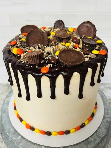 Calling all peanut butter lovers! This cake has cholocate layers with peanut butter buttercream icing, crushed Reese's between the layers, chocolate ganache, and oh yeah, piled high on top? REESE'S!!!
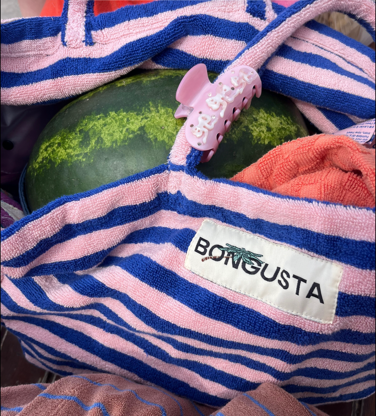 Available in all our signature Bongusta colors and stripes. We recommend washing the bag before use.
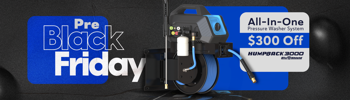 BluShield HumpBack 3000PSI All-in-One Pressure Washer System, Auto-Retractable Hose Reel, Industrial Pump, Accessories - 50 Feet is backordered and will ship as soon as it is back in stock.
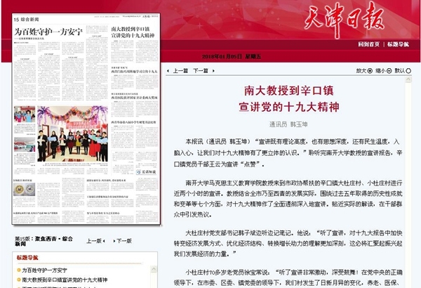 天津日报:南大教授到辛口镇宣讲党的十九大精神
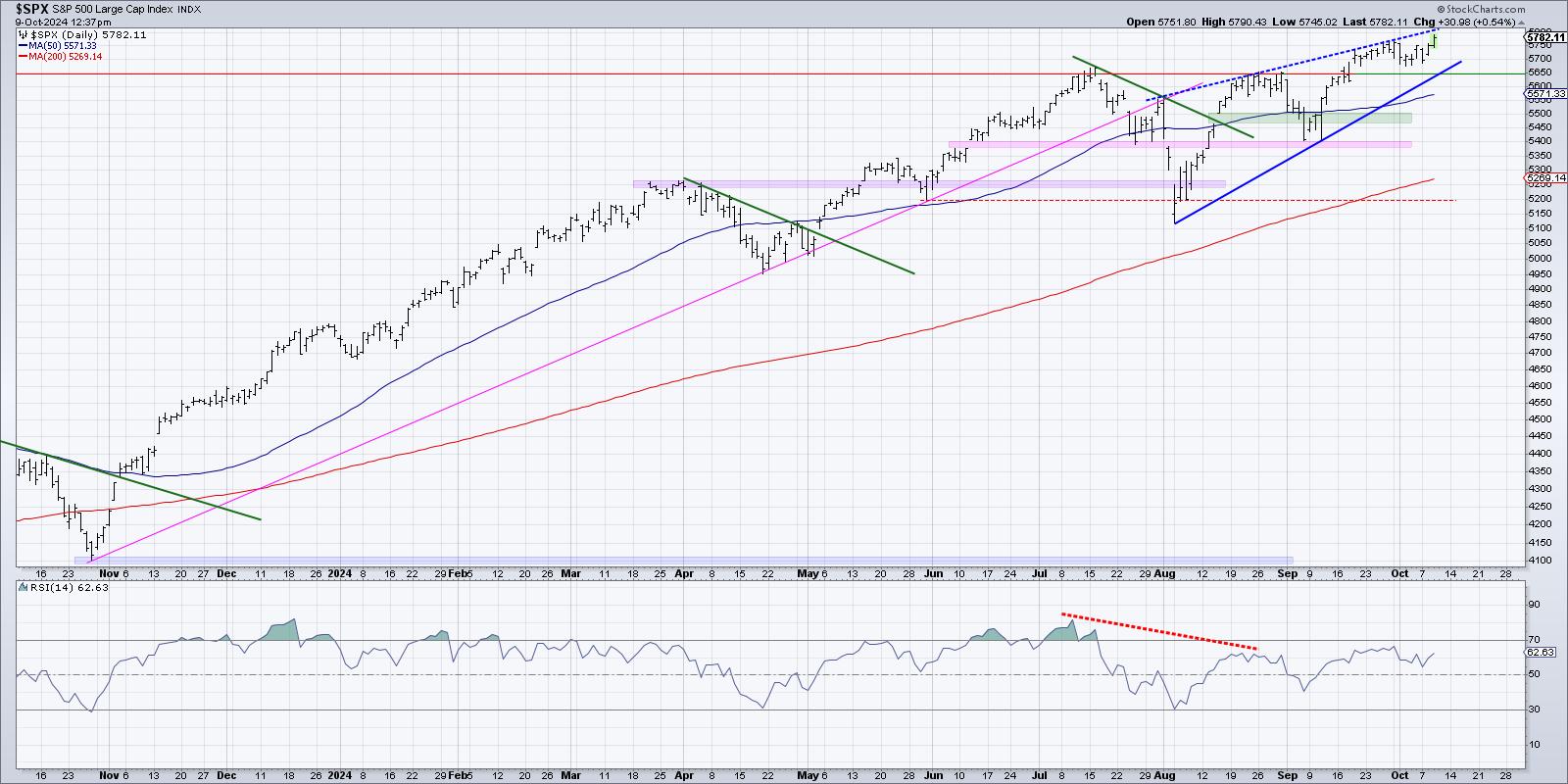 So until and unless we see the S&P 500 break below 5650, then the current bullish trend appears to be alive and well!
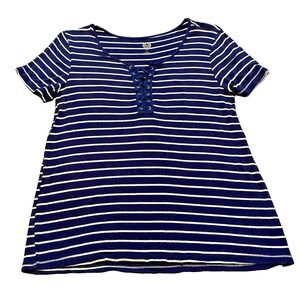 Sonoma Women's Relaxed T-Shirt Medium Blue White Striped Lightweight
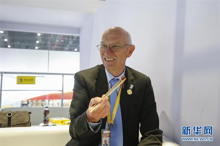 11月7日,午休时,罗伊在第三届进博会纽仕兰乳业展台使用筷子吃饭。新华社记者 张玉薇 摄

---------------

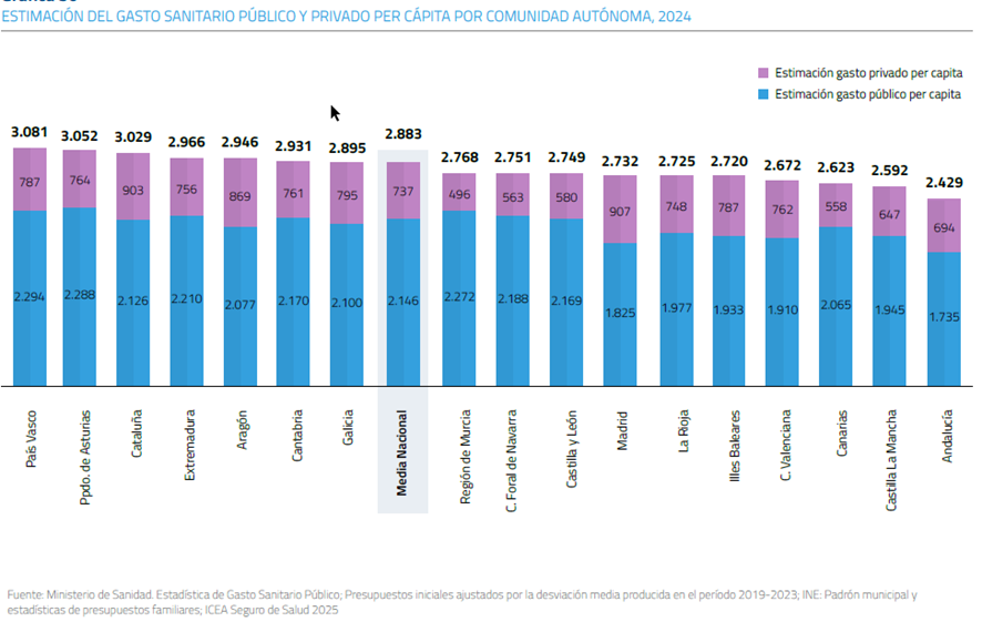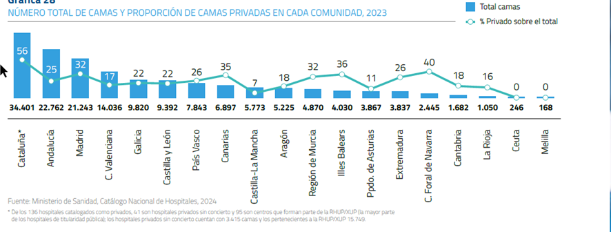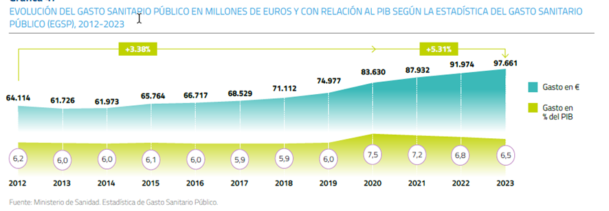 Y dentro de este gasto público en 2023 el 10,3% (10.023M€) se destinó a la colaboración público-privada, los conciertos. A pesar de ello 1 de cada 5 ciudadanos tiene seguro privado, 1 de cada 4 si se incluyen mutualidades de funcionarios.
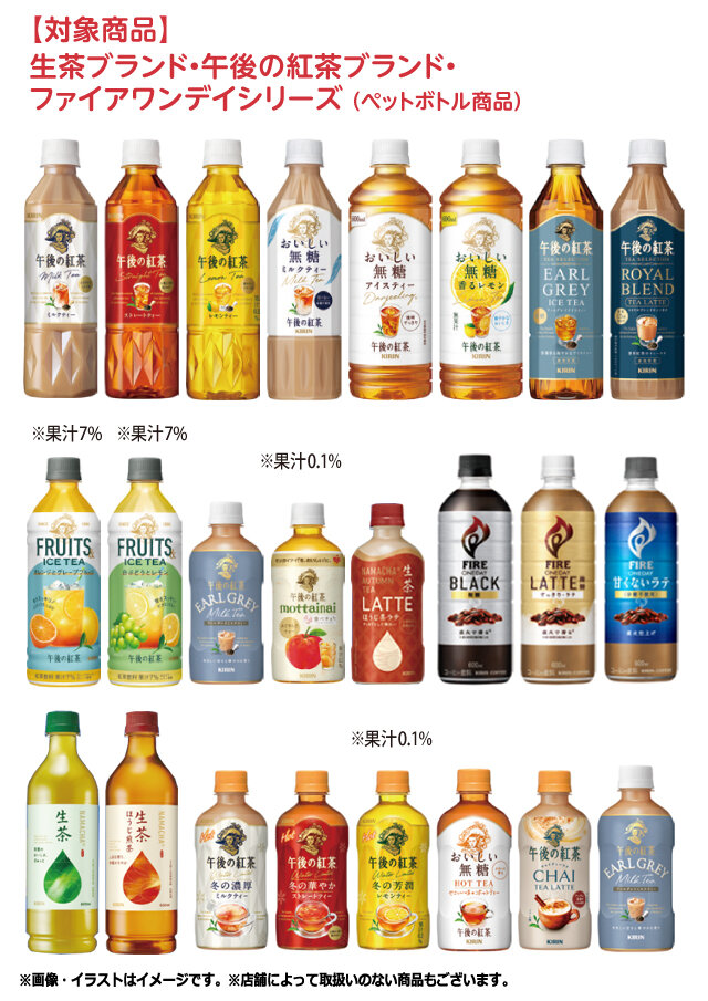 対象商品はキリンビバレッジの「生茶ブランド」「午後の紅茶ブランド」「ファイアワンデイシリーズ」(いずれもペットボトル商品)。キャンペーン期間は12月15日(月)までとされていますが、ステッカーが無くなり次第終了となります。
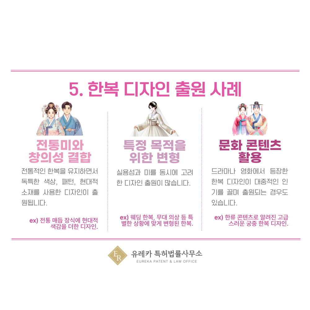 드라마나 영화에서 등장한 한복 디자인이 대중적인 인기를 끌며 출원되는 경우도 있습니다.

---------------

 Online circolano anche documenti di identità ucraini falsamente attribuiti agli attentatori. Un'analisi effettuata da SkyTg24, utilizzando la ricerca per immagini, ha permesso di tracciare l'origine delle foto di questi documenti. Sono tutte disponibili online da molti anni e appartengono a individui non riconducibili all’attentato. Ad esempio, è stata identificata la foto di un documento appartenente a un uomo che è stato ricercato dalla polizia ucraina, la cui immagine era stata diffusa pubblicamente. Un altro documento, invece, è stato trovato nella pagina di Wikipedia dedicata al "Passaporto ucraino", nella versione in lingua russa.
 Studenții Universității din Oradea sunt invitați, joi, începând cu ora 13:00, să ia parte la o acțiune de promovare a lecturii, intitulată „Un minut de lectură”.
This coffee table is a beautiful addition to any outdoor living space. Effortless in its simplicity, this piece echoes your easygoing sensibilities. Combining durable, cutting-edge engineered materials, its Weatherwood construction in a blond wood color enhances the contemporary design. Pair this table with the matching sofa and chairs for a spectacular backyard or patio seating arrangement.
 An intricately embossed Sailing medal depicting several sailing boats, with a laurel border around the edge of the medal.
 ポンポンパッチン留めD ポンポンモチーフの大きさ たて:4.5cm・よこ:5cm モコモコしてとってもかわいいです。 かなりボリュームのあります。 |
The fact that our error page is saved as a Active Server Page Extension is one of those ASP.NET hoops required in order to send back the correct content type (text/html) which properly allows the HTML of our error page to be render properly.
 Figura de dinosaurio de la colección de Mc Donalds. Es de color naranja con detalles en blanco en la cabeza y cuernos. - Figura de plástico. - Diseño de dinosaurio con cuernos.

---------------

■ What the task asks
For the entries above, print exactly the lines between the one with "Calling all peanut" and the one with "Available in all", inclusive, with no pictures.

■ Your response
 Calling all peanut butter lovers! This cake has cholocate layers with peanut butter buttercream icing, crushed Reese's between the layers, chocolate ganache, and oh yeah, piled high on top? REESE'S!!!
 Available in all our signature Bongusta colors and stripes. We recommend washing the bag before use.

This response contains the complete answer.